La marcha del género humano, de los hombres y de las mujeres, para conseguir el reconocimiento de sus derechos ha sido larga y tortuosa.

Nos podríamos remontar a la Carta de Derechos (Bill of Rights) inglesa de 1689, que impuso el Parlamento al príncipe Guillermo de Orange, para que pudiera suceder al rey Jaime II. El objetivo de esta Carta era recuperar y fortalecer algunas facultades parlamentarias, que habían sido abolidas o debilitadas durante los reinados absolutistas de los Stuart (tanto Carlos I como Carlos II).

Tendríamos que continuar por la Declaración de los Derechos del Hombre y del Ciudadano, aprobada por la Asamblea Constituyente francesa en 1789, el año de inicio de la Revolución. Se trata de un texto inspirado por los filósofos de la Ilustración que afirmó los valores de la propia Revolución y que tuvo un significativo impacto en el desarrollo de conceptos como la libertad individual y la democracia, especialmente en Europa.

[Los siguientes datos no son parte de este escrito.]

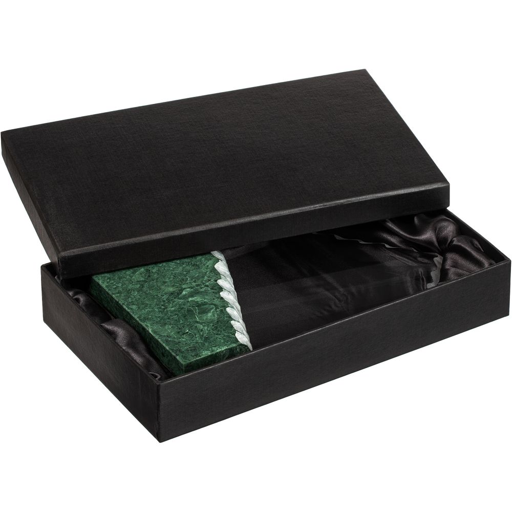 Помимо красивейшего змеевика, награда изготовлена из стекла К9, в основе которого лежит оптическое боросиликатное стекло. Эту марку стекла отличает низкий процент посторонних включений, высокий показатель преломления и высокая прозрачность — идеальные качества для изготовления наград премиального уровня.

Esta Declaración fue la base de una nación de individuos libres, protegidos por igual por la ley, y establecía el principio de la soberanía popular.

A este texto siguió otro, con el mismo título, en 1793. En este caso, el texto fue introducido en la Constitución del año I, que no fue nunca aplicada. La diferencia más importante con el texto de 1789 es la tendencia igualitaria que se expresa. Otra característica significativa de este texto es el establecimiento del derecho a la resistencia contra la opresión.

Y el último de los textos fundamentales ligados a la Revolución Francesa es la Declaración de los Derechos y los Deberes del Hombre y del Ciudadano de 1795, que sirvió de preámbulo a la Constitución del 5 fructidor del año III, o sea, del 22 de agosto de 1795.

Haría falta que recordáramos que también tenemos deberes, hacia nosotros mismos y respecto del bien común

¿Por qué los constituyentes mencionaron por primera vez los deberes de los ciudadanos en un texto constitucional? Porque estaban preocupados por mantener el orden, y por eso instauraron una serie de deberes que no dejaban de ser generalidades sin un gran alcance ni jurídico ni filosófico, sino que más bien reafirmaban los deberes de los legisladores. En este sentido, es interesante señalar que la Declaración de 1795 ya evocaba la separación de poderes y la noción de reserva militar para la defensa de la patria.

El gran salto, sin embargo, a escala planetaria, se produjo el 10 de diciembre de 1948, cuando la Asamblea General de las Naciones Unidas aprobó y proclamó la Declaración Universal de los Derechos Humanos. Una Declaración que menciona los derechos humanos que se consideran básicos y que se tienen que aplicar, sin excepción, a todos los seres humanos. Estos derechos son tanto de carácter civil, como político, social, económico y cultural.

Con el transcurso del tiempo, esta Declaración ha sido objeto de dos tipos principales de crítica. La primera es que, como no es obligatorio su cumplimiento, a veces solo es un catálogo de buenas intenciones. Y la segunda es que algunos estados postcoloniales la acusan de etnocentrismo y, en concreto, de eurocentrismo. Sea como sea, es el documento actualmente vigente sobre los derechos humanos de carácter universal.

Pero me gustaría volver al tema de los deberes que ya evocó la Declaración de 1795, a pesar de ser consciente de que todavía queda un largo camino para llegar al respeto de los derechos humanos definidos en la Declaración de 1948.

En el contexto pendular que caracteriza en buena medida la marcha de la sociedad catalana, hemos pasado de la condición de súbditos a la de usuarios, sin estaciones intermedias y con unos cambios bruscos de orientación.

Un súbdito es aquel individuo que tiene todos los deberes y ningún derecho, mientras que un usuario es aquel individuo que tiene todos los derechos y ningún deber. No cogidas ninguna de estas situaciones completamente, sino en grados diversos de aproximación.

La estación intermedia sería la condición de ciudadano. Aquel ser humano que se sabe protagonista de derechos y deberes, y que se instala en medio del equilibrio inestable entre estos conceptos.

Desgraciadamente, los catalanes hemos estado poco instalados o nos hemos saltado directamente esta estación intermedia, y eso nos debilita como personas y como colectividad. De todos modos, y ante unos individuos y unos colectivos que reclaman y exhiben continuamente el respeto de sus derechos (que querrían ilimitados e inmediatos), haría falta que recordáramos que también tenemos deberes, hacia nosotros mismos y respecto del bien común. Este equilibrio nos haría avanzar hacia una sociedad más equilibrada, más justa, más madura y, a la larga, más libre.

Recordemos, pues, acordémonos de que las personas tenemos deberes, los deberes respecto de la colectividad de la cual formamos parte, y a la cual tenemos que destinar nuestras fuerzas para el progreso común, en todos los ámbitos de la vida en sociedad.